--- GIVEN MATERIAL Enclosed Below ---
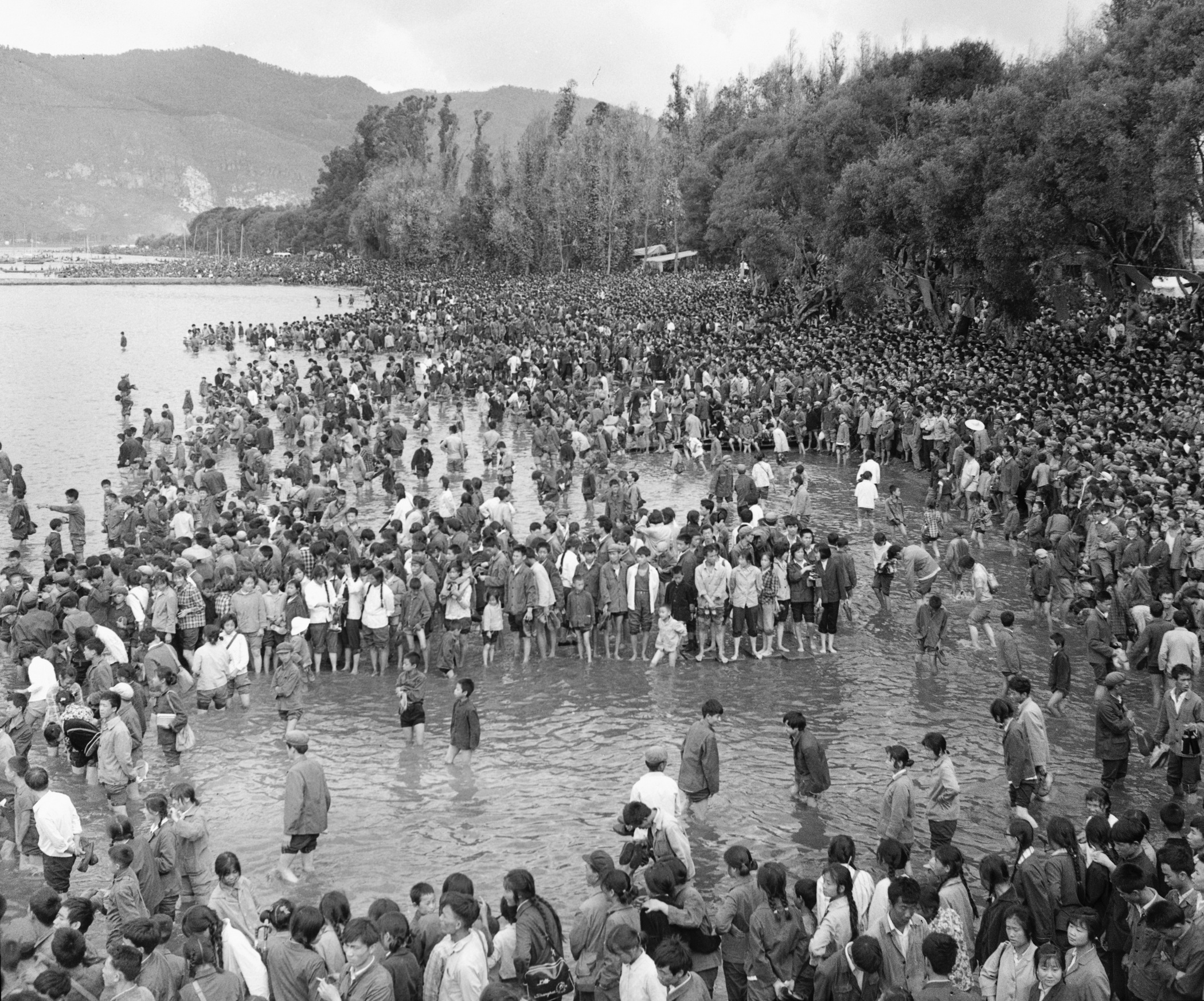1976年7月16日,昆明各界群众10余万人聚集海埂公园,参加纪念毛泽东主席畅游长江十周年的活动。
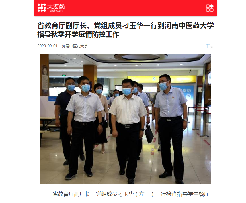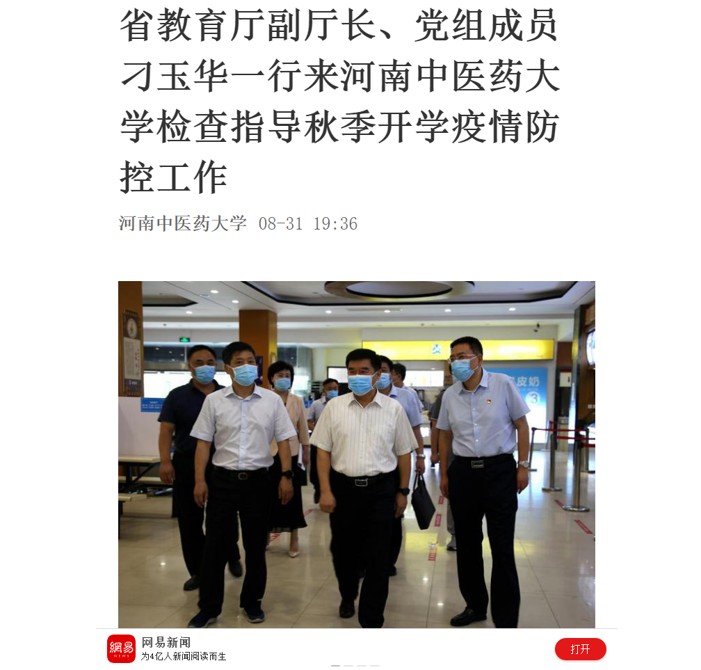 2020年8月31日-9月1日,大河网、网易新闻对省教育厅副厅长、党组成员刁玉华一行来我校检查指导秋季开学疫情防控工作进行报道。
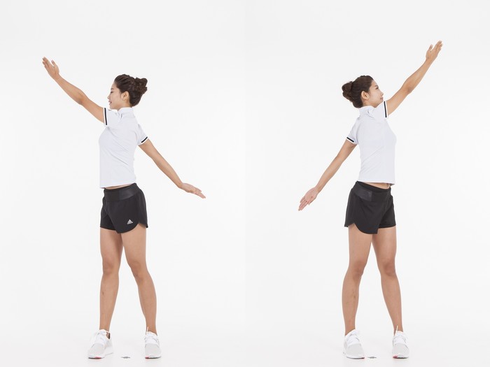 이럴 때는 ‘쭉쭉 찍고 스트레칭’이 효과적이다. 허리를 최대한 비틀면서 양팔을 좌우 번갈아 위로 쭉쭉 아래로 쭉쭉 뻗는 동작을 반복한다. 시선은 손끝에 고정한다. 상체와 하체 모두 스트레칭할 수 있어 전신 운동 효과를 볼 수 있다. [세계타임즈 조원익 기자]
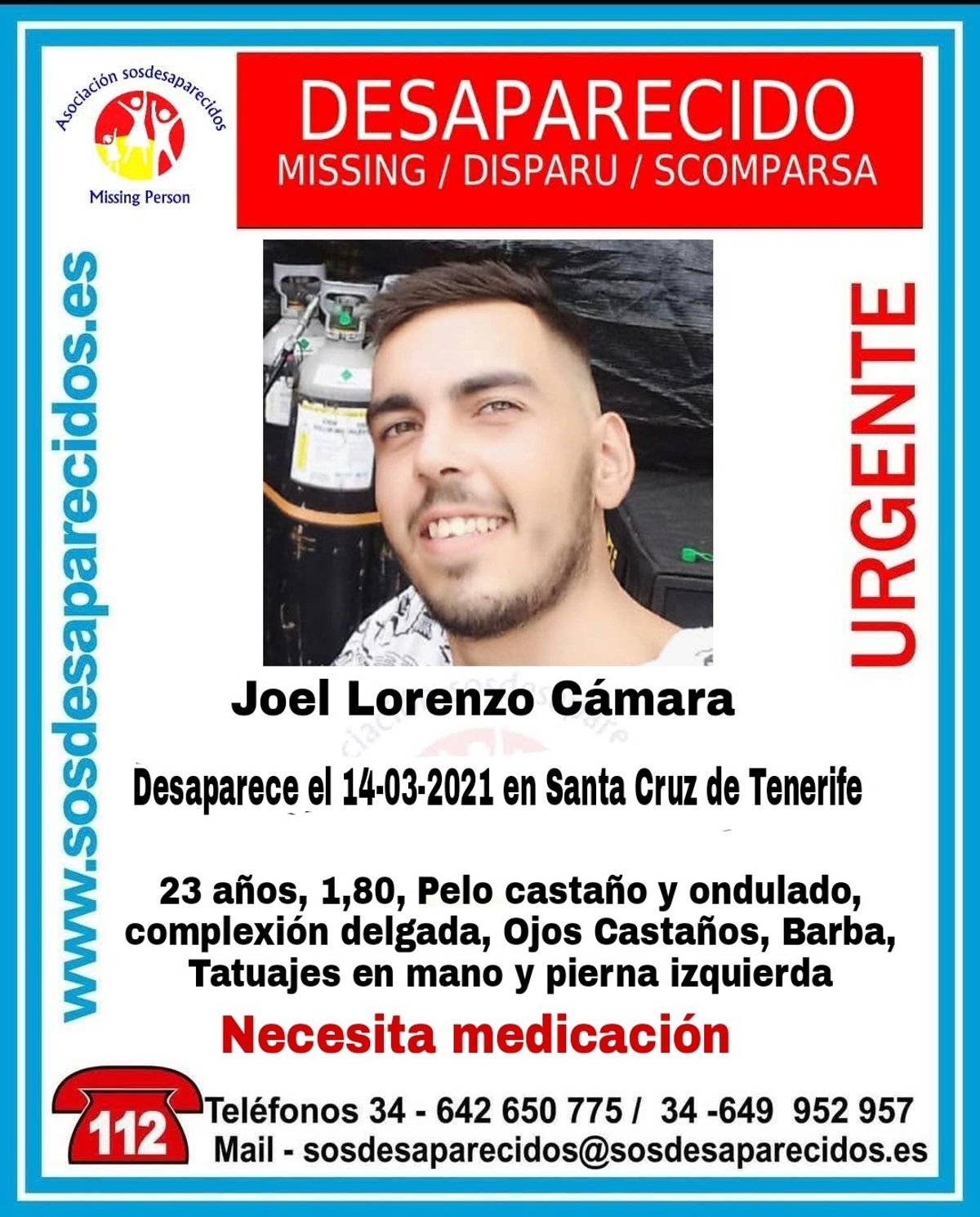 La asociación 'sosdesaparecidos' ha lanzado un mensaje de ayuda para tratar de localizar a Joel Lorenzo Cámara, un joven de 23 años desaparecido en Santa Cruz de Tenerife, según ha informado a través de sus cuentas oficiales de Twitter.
--- End of Enclosed GIVEN MATERIAL ---
> WORK TO COMPLETE
In your output, repeat the listing above exactly and include none of the pictures.

> OUTPUT OF THE TASK
1976年7月16日,昆明各界群众10余万人聚集海埂公园,参加纪念毛泽东主席畅游长江十周年的活动。
 2020年8月31日-9月1日,大河网、网易新闻对省教育厅副厅长、党组成员刁玉华一行来我校检查指导秋季开学疫情防控工作进行报道。
 이럴 때는 ‘쭉쭉 찍고 스트레칭’이 효과적이다. 허리를 최대한 비틀면서 양팔을 좌우 번갈아 위로 쭉쭉 아래로 쭉쭉 뻗는 동작을 반복한다. 시선은 손끝에 고정한다. 상체와 하체 모두 스트레칭할 수 있어 전신 운동 효과를 볼 수 있다. [세계타임즈 조원익 기자]
 La asociación 'sosdesaparecidos' ha lanzado un mensaje de ayuda para tratar de localizar a Joel Lorenzo Cámara, un joven de 23 años desaparecido en Santa Cruz de Tenerife, según ha informado a través de sus cuentas oficiales de Twitter.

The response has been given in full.